Exercise description
Return only the lines below starting at the line containing "Abyste se i" and ending at the line containing "این پارک بادی دارای", both included, exactly as they are and with no pictures.

Recorded information

########################################

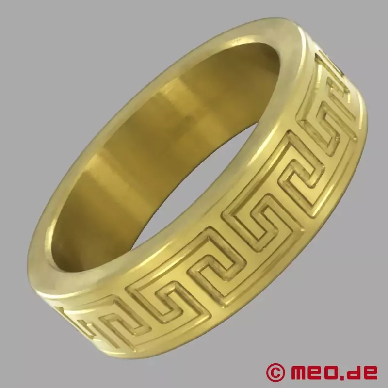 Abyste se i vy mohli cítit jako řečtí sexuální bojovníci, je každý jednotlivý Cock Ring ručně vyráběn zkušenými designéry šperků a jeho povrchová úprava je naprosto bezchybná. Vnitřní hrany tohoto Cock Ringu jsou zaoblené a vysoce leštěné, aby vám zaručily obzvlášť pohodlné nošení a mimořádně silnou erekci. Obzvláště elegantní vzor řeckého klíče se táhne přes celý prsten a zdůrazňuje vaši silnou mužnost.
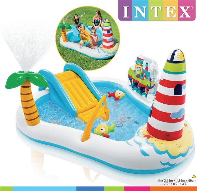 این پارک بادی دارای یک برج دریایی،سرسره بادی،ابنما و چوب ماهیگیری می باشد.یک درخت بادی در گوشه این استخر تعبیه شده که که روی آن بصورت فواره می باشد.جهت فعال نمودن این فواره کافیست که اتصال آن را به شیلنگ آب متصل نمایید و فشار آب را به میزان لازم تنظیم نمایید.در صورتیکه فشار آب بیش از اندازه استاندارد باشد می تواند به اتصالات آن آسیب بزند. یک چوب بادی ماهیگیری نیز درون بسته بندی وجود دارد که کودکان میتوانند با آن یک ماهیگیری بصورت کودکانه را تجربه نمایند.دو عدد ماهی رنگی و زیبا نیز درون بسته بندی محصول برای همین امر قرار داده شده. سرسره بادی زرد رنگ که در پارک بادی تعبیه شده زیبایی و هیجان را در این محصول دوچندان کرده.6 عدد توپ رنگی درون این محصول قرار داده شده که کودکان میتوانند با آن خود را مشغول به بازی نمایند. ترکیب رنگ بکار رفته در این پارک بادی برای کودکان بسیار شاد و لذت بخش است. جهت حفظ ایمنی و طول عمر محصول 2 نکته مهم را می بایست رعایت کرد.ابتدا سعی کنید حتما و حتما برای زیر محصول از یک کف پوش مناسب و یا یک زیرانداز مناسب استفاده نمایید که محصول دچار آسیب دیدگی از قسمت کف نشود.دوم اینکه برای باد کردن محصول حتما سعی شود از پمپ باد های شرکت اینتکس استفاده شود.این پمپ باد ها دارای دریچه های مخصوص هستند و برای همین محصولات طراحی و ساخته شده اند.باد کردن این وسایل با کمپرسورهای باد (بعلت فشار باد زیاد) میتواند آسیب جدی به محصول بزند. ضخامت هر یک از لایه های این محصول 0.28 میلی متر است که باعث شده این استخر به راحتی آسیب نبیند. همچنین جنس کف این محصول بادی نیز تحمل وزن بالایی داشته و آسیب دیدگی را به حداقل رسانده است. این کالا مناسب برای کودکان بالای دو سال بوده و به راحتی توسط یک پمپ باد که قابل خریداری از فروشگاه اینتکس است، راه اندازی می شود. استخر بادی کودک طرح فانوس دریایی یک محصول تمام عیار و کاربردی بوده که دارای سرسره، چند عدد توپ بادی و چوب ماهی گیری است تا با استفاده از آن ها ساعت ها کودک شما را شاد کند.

########################################

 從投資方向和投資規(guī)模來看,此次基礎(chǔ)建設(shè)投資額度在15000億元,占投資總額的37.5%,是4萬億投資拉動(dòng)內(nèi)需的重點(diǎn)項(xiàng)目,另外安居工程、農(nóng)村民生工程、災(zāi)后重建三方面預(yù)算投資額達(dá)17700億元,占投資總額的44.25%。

########################################

Solution for this problem
 Abyste se i vy mohli cítit jako řečtí sexuální bojovníci, je každý jednotlivý Cock Ring ručně vyráběn zkušenými designéry šperků a jeho povrchová úprava je naprosto bezchybná. Vnitřní hrany tohoto Cock Ringu jsou zaoblené a vysoce leštěné, aby vám zaručily obzvlášť pohodlné nošení a mimořádně silnou erekci. Obzvláště elegantní vzor řeckého klíče se táhne přes celý prsten a zdůrazňuje vaši silnou mužnost.
 این پارک بادی دارای یک برج دریایی،سرسره بادی،ابنما و چوب ماهیگیری می باشد.یک درخت بادی در گوشه این استخر تعبیه شده که که روی آن بصورت فواره می باشد.جهت فعال نمودن این فواره کافیست که اتصال آن را به شیلنگ آب متصل نمایید و فشار آب را به میزان لازم تنظیم نمایید.در صورتیکه فشار آب بیش از اندازه استاندارد باشد می تواند به اتصالات آن آسیب بزند. یک چوب بادی ماهیگیری نیز درون بسته بندی وجود دارد که کودکان میتوانند با آن یک ماهیگیری بصورت کودکانه را تجربه نمایند.دو عدد ماهی رنگی و زیبا نیز درون بسته بندی محصول برای همین امر قرار داده شده. سرسره بادی زرد رنگ که در پارک بادی تعبیه شده زیبایی و هیجان را در این محصول دوچندان کرده.6 عدد توپ رنگی درون این محصول قرار داده شده که کودکان میتوانند با آن خود را مشغول به بازی نمایند. ترکیب رنگ بکار رفته در این پارک بادی برای کودکان بسیار شاد و لذت بخش است. جهت حفظ ایمنی و طول عمر محصول 2 نکته مهم را می بایست رعایت کرد.ابتدا سعی کنید حتما و حتما برای زیر محصول از یک کف پوش مناسب و یا یک زیرانداز مناسب استفاده نمایید که محصول دچار آسیب دیدگی از قسمت کف نشود.دوم اینکه برای باد کردن محصول حتما سعی شود از پمپ باد های شرکت اینتکس استفاده شود.این پمپ باد ها دارای دریچه های مخصوص هستند و برای همین محصولات طراحی و ساخته شده اند.باد کردن این وسایل با کمپرسورهای باد (بعلت فشار باد زیاد) میتواند آسیب جدی به محصول بزند. ضخامت هر یک از لایه های این محصول 0.28 میلی متر است که باعث شده این استخر به راحتی آسیب نبیند. همچنین جنس کف این محصول بادی نیز تحمل وزن بالایی داشته و آسیب دیدگی را به حداقل رسانده است. این کالا مناسب برای کودکان بالای دو سال بوده و به راحتی توسط یک پمپ باد که قابل خریداری از فروشگاه اینتکس است، راه اندازی می شود. استخر بادی کودک طرح فانوس دریایی یک محصول تمام عیار و کاربردی بوده که دارای سرسره، چند عدد توپ بادی و چوب ماهی گیری است تا با استفاده از آن ها ساعت ها کودک شما را شاد کند.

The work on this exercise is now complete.